Filesystem snapshots dog slow

Kostik Belousov kostikbel at gmail.com
Wed Oct 17 05:43:30 PDT 2007


On Wed, Oct 17, 2007 at 08:00:03PM +1000, Peter Jeremy wrote:
> On 2007-Oct-16 06:54:11 -0500, Eric Anderson <anderson at freebsd.org> wrote:
> >will give you a good understanding of what the issue is. Essentially, your 
> >disk is hammered making copies of all the cylinder groups, skipping those 
> >that are 'busy', and coming back to them later. On a 200Gb disk, you could 
> >have 1000 cylinder groups, each having to be locked, copied, unlocked, and 
> >then checked again for any subsequent changes.  The stalls you see are when 
> >there are lock contentions, or disk IO issues.  On a single disk (like your 
> >setup above), your snapshots will take forever since there is very little 
> >random IO performance available to you.
> 
> That said, there is a fair amount of scope available for improving
> both the creation and deletion performance.
> 
> Firstly, it's not clear to me that having more than a few hundred CGs
> has any real benefits.  There was a massive gain in moving from
> (effectively) a single CG in pre-FFS to a few dozen CGs in FFS as it
> was first introduced.  Modern disks are roughly 5 orders of magnitude
> larger and voice-coil actuators mean that seek times are almost
> independent of distance.  CG sizes are currently limited by the
> requirement that the cylinder group (including cylinder group maps)
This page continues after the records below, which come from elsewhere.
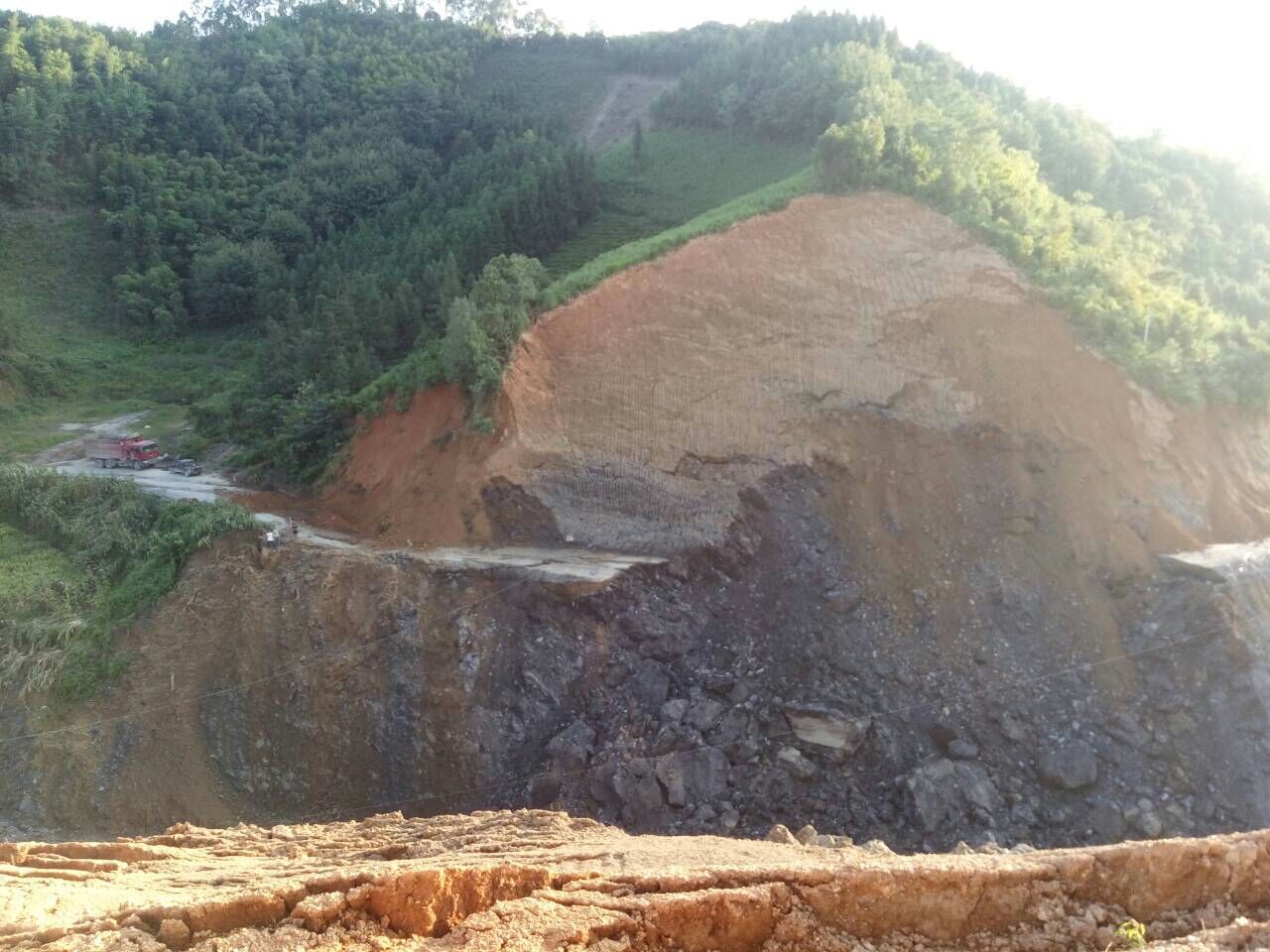 西林县城至八大河二级公路土黄至八大河三期工程受台风及连日来持续降雨的影响,山体吃水饱和,导致该工程№10项目合同段马蚌坳K64+400左侧边坡连同行车道于2016年8月24日17时整体坍塌,造成交通完全中断,预计抢通时间为5天。由于该路段目前尚无便道,过往车辆需要绕行罗平往广南或兴义往隆林方向通行。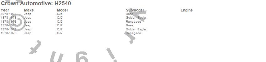 Crown Automotive is the premier manufacturer and distributor of quality replacement parts for Jeep® CJ™, Wrangler™, Cherokee™, Grand Cherokee™, Liberty™, and Commander™."From humble beginnings in 1963 in a small Boston storefront, Crown Automotive has consistently maintained its commitment to offering only quality parts and exceptional service. Today, with warehouses in Massachusetts, Georgia, Nevada, Spain, and the Czech Republic, totaling over 160,000 square feet, Crown Automotive continues to be the leader in quality replacement parts for Jeep® vehicles. With over 8,000 different parts in stock for Jeep® vehicles from 1942 on up, Crown has the largest stock of replacement parts for Jeep® vehicles, including factory-discontinued parts. In fact, many of the older Jeeps are still on (and off) the road thanks to Crown parts. The Crown line consists of axle, body, brake, clutch, cooling, driveline, electrical, engine, exhaust, fuel, steering, suspension, transmission and transfer case components. Crown Automotive also offers an exclusive line of component kits and accessory products. Because we know that Jeeps are driven harder than most other vehicles, we emphasize offering only quality parts. In fact, we test parts on Jeeps before distributing them to our dealers to insure that they meet our standards for quality. Crown also supports its entire line with a 12 month/12,000 mile warranty to insure our dealers and their customers of our commitment to offering quality parts. We know from experience that Jeep® owners would rather pay a little more for a good quality part that's backed by a strong guarantee. But we know that price is important as well. So, not only will you find Crown parts to be of exceptional quality, but you'll find them at a great price too.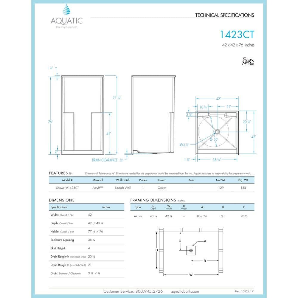 The versatility of our shower selection is simply inspiring, with a wide variety of sizes available, from 32 in. to 60 in. When it comes to style, you’ll find an array of tile-pattern and smooth wall finishes to choose from. This unit is crafted from an AcrylX applied -Acrylic finish reinforced with fiberglass. This unit has two integral shelves and a center drain.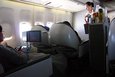 搭乗してみて、さらに驚いてしまいました。普通のビジネスシートではなく、ワールドビジネスクラスと呼ばれる新仕様のシートでした。 座席は最大176度までリクライニングするので、まさにフラットベッドです。(全長201cm) 機材変更に感謝、です♪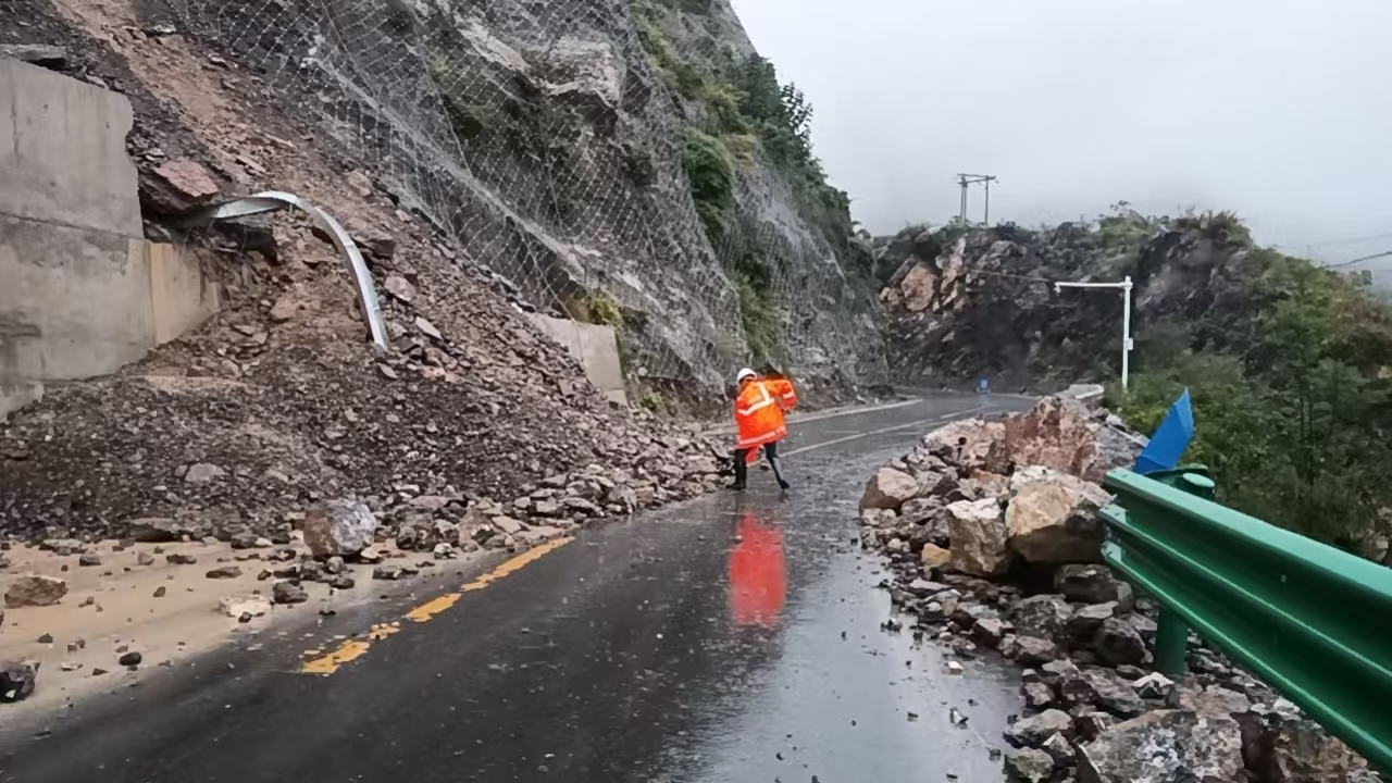 9月29日晚上,242国道七里扁发生大规模山体崩塌,整片山体瞬间倾覆于路面,路基、钢护栏等设施严重损毁,交通彻底中断。县公路养护中心接报后火速响应,连夜组织人员勘察险情、疏导交通、安抚滞留司乘。鉴于山体极不稳定,极易发生二次灾害,且夜间持续强降雨,现场研判后果断决定次日清晨开展机械抢通,并立即设置警示标志,实施交通管制,彻夜值守,中心24小时值班,第一时间告知来访司乘人员相关信息。次日黎明,2台挖掘机、4辆运输车及1台铲车迅速投入作业,养护人员现场指挥,有序推进清障工作。便道打通后,采取间歇式放行策略,兼顾通行效率与施工安全。历经24小时连续奋战,至9月30日晚10时,塌方体被彻底清除的那一刻,所有人都松了口气。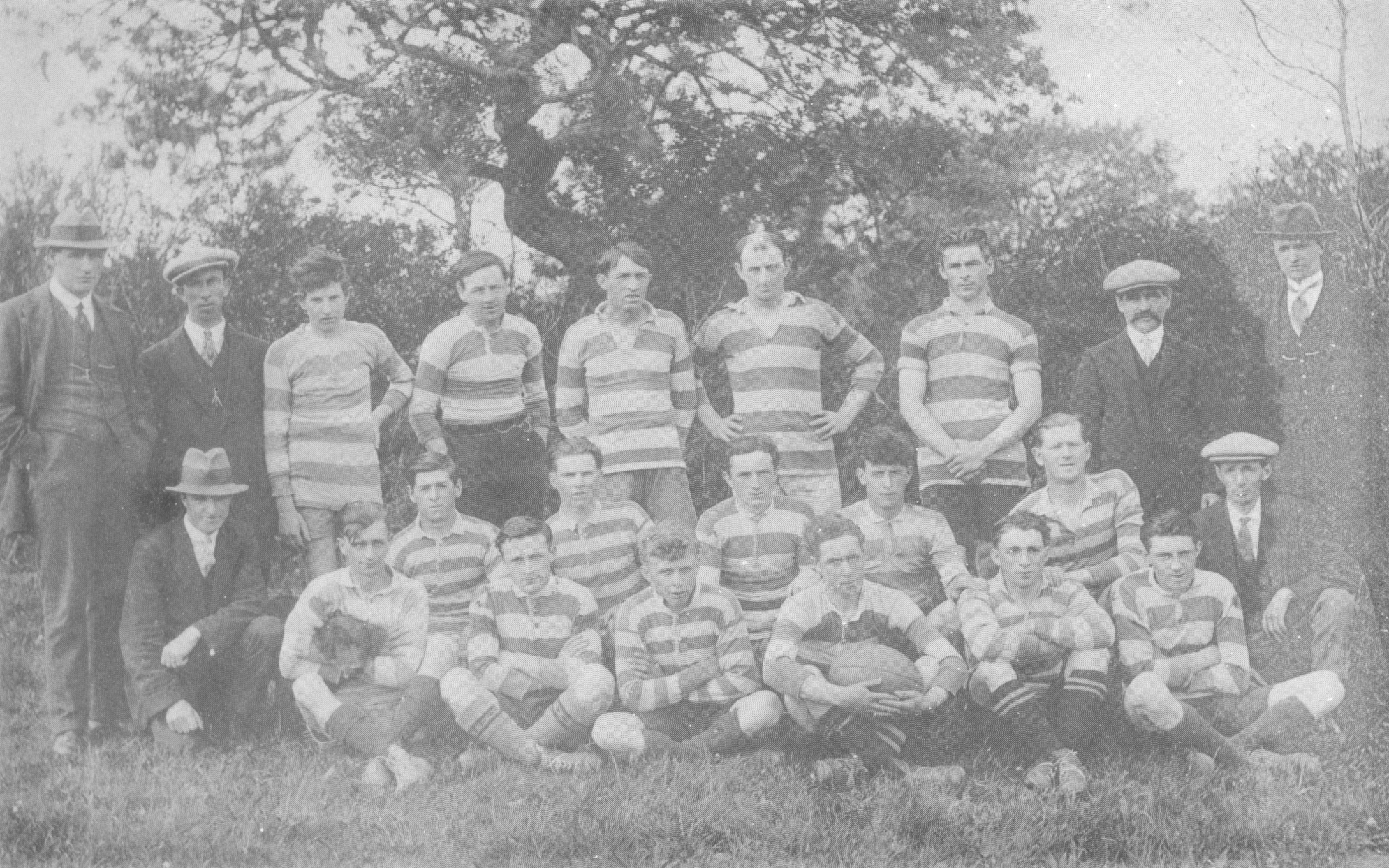 (Back row, l. to r.) Mr. F.G. Phillips (W.R.U. Ref., Pontardulais), Mr. T.E. Phillips (Hon. Secretary), R.G. Roberts, J. Griffiths, G. Brook G. Kiff,

> must fit into a single FS block.  Removing this restriction would
> allow CGs to be much larger.
> 
> Secondly, all the I/O during both snapshot creation and deletion is
> in FS-block size chunks.  Increasing the I/O size would significantly
> increase the I/O performance.  Whilst it doesn't make sense to read
> more than you need, there still appears to be plenty of scope to
> combine writes.
> 
> Between these two items, I would expect potential performance gains
> of at least 20:1.
> 
> Note that I'm not suggesting that either of these items is trivial.
This is, unfortunately, quite true. Allowing non-atomic updates of the
cg block means a lot of complications in the softupdate code, IMHO.